───── Listed entries
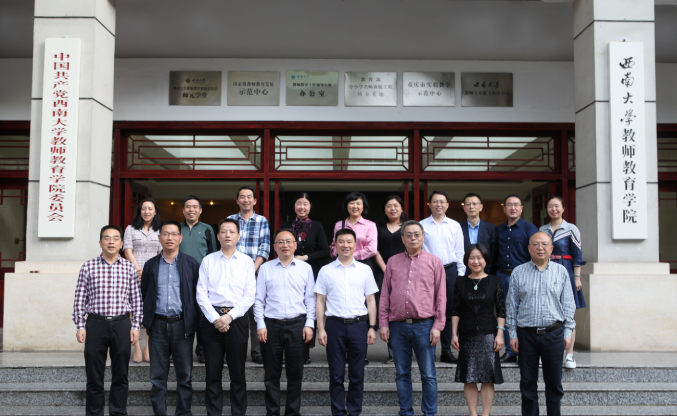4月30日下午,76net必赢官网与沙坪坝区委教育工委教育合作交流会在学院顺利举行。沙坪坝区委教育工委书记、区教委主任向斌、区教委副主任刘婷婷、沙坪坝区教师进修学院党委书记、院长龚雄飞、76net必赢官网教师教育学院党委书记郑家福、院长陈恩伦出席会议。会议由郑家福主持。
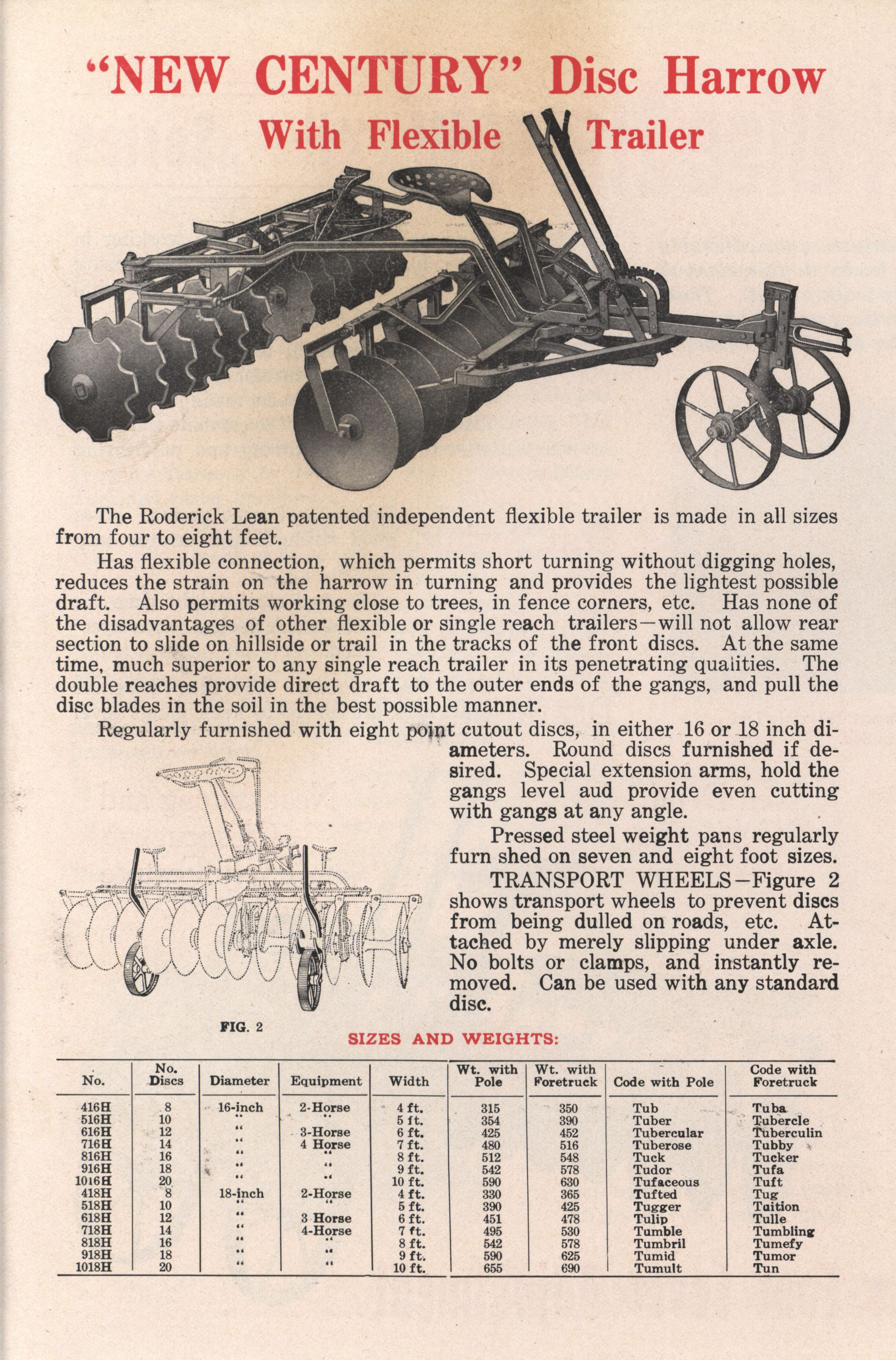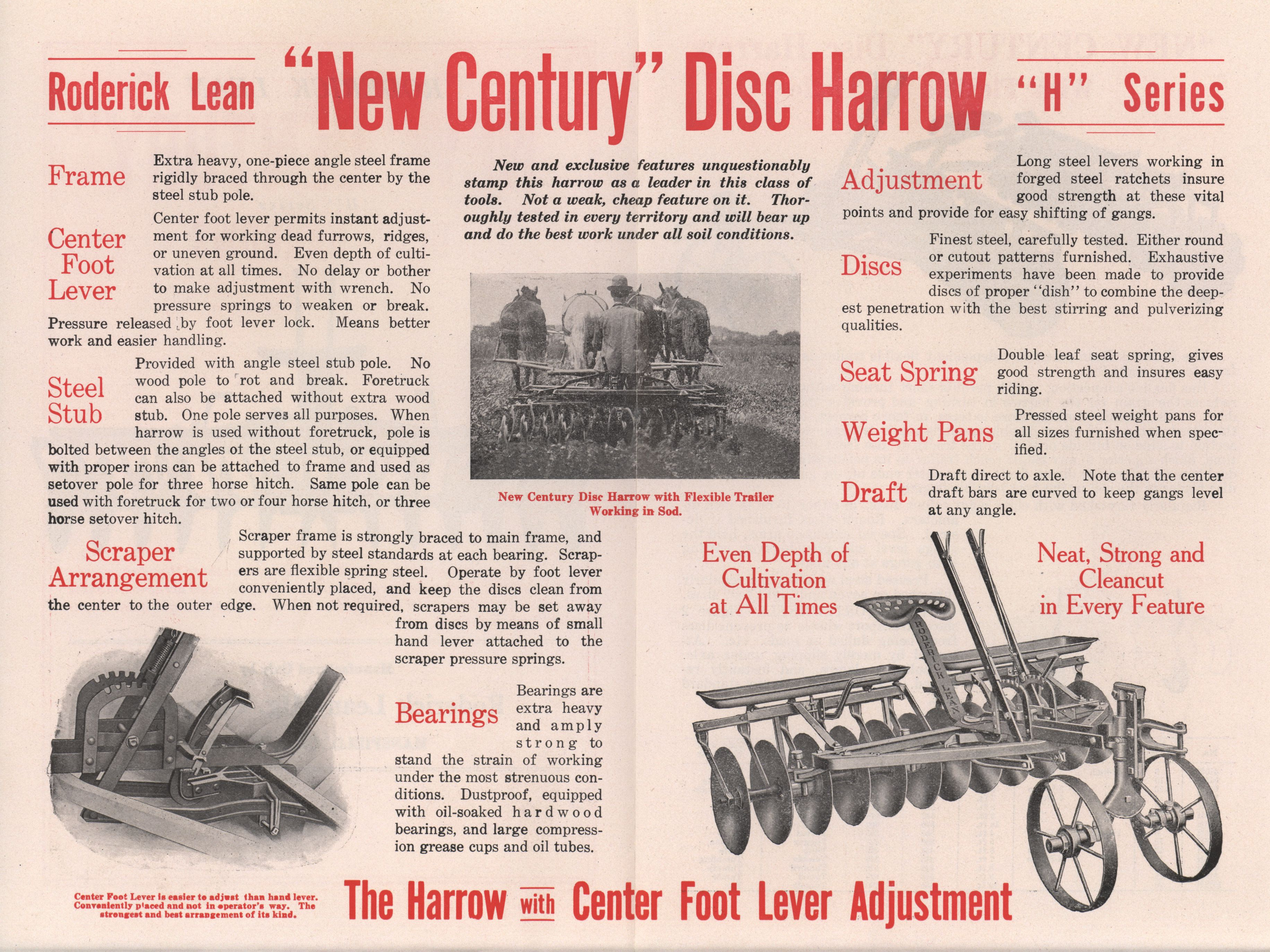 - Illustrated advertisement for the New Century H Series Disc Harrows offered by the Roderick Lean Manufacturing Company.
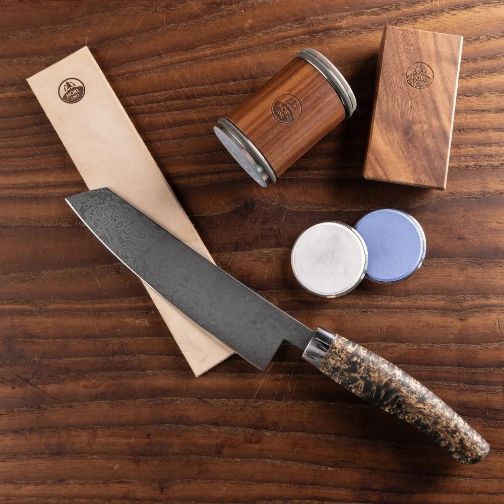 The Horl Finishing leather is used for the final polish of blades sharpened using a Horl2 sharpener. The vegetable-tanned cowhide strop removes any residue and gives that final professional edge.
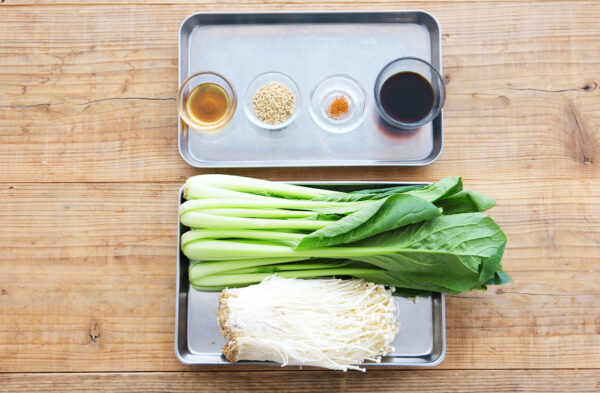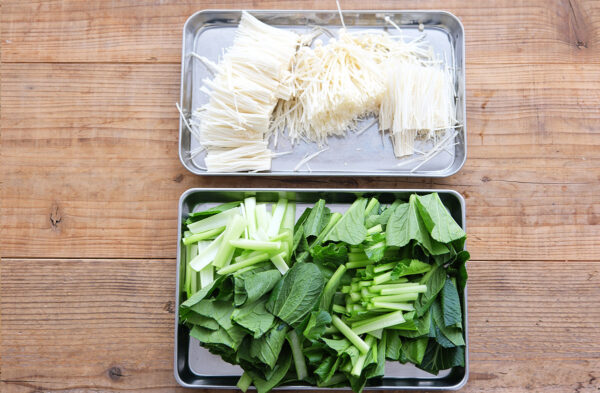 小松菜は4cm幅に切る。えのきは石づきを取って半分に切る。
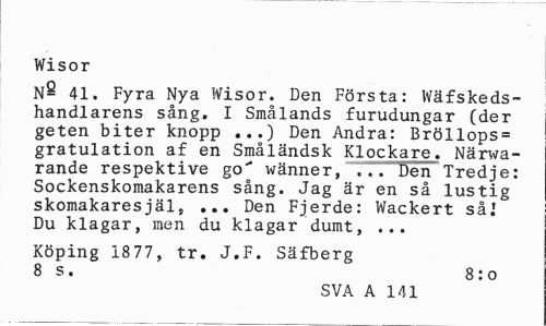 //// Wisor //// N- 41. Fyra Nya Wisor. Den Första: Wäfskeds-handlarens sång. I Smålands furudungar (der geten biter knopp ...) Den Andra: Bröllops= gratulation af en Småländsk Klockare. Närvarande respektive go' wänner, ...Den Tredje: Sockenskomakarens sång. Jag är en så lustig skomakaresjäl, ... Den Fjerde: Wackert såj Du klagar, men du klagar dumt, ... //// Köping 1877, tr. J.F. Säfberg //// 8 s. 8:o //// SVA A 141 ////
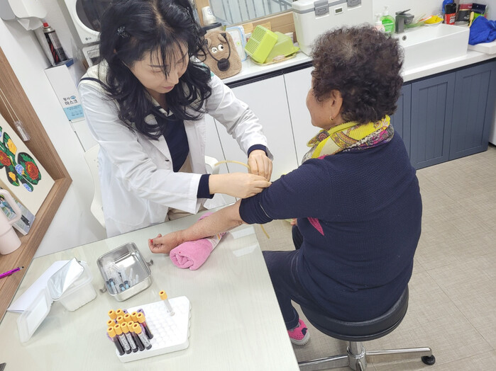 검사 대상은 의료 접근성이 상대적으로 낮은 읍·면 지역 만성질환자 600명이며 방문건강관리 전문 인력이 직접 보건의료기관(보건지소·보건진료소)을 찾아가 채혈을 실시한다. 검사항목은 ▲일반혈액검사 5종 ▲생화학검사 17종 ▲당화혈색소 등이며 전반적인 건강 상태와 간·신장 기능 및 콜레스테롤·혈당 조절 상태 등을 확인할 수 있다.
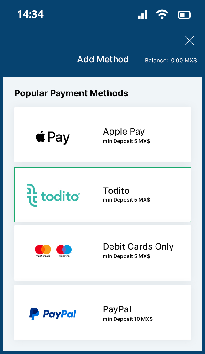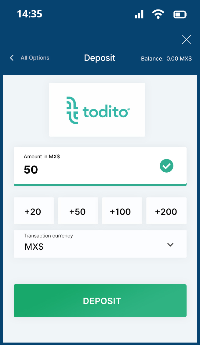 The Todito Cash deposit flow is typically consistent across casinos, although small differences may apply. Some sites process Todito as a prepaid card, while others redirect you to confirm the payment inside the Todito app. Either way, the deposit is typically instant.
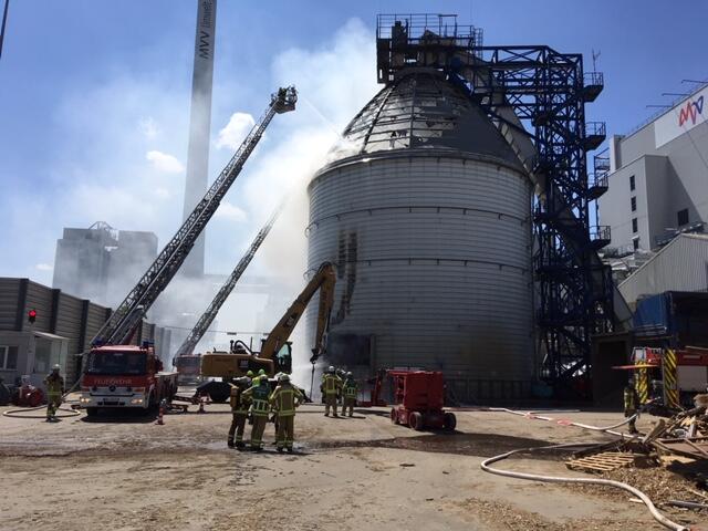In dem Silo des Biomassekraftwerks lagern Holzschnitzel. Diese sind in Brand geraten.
──────────
*Exercise directions*: All that is wanted is the run of lines from the start of the material through the line that holds "검사 대상은 의료 접근성이", retyped exactly, with no pictures.

*Task output*:
4月30日下午,76net必赢官网与沙坪坝区委教育工委教育合作交流会在学院顺利举行。沙坪坝区委教育工委书记、区教委主任向斌、区教委副主任刘婷婷、沙坪坝区教师进修学院党委书记、院长龚雄飞、76net必赢官网教师教育学院党委书记郑家福、院长陈恩伦出席会议。会议由郑家福主持。
 - Illustrated advertisement for the New Century H Series Disc Harrows offered by the Roderick Lean Manufacturing Company.
 The Horl Finishing leather is used for the final polish of blades sharpened using a Horl2 sharpener. The vegetable-tanned cowhide strop removes any residue and gives that final professional edge.
 小松菜は4cm幅に切る。えのきは石づきを取って半分に切る。
 //// Wisor //// N- 41. Fyra Nya Wisor. Den Första: Wäfskeds-handlarens sång. I Smålands furudungar (der geten biter knopp ...) Den Andra: Bröllops= gratulation af en Småländsk Klockare. Närvarande respektive go' wänner, ...Den Tredje: Sockenskomakarens sång. Jag är en så lustig skomakaresjäl, ... Den Fjerde: Wackert såj Du klagar, men du klagar dumt, ... //// Köping 1877, tr. J.F. Säfberg //// 8 s. 8:o //// SVA A 141 ////
 검사 대상은 의료 접근성이 상대적으로 낮은 읍·면 지역 만성질환자 600명이며 방문건강관리 전문 인력이 직접 보건의료기관(보건지소·보건진료소)을 찾아가 채혈을 실시한다. 검사항목은 ▲일반혈액검사 5종 ▲생화학검사 17종 ▲당화혈색소 등이며 전반적인 건강 상태와 간·신장 기능 및 콜레스테롤·혈당 조절 상태 등을 확인할 수 있다.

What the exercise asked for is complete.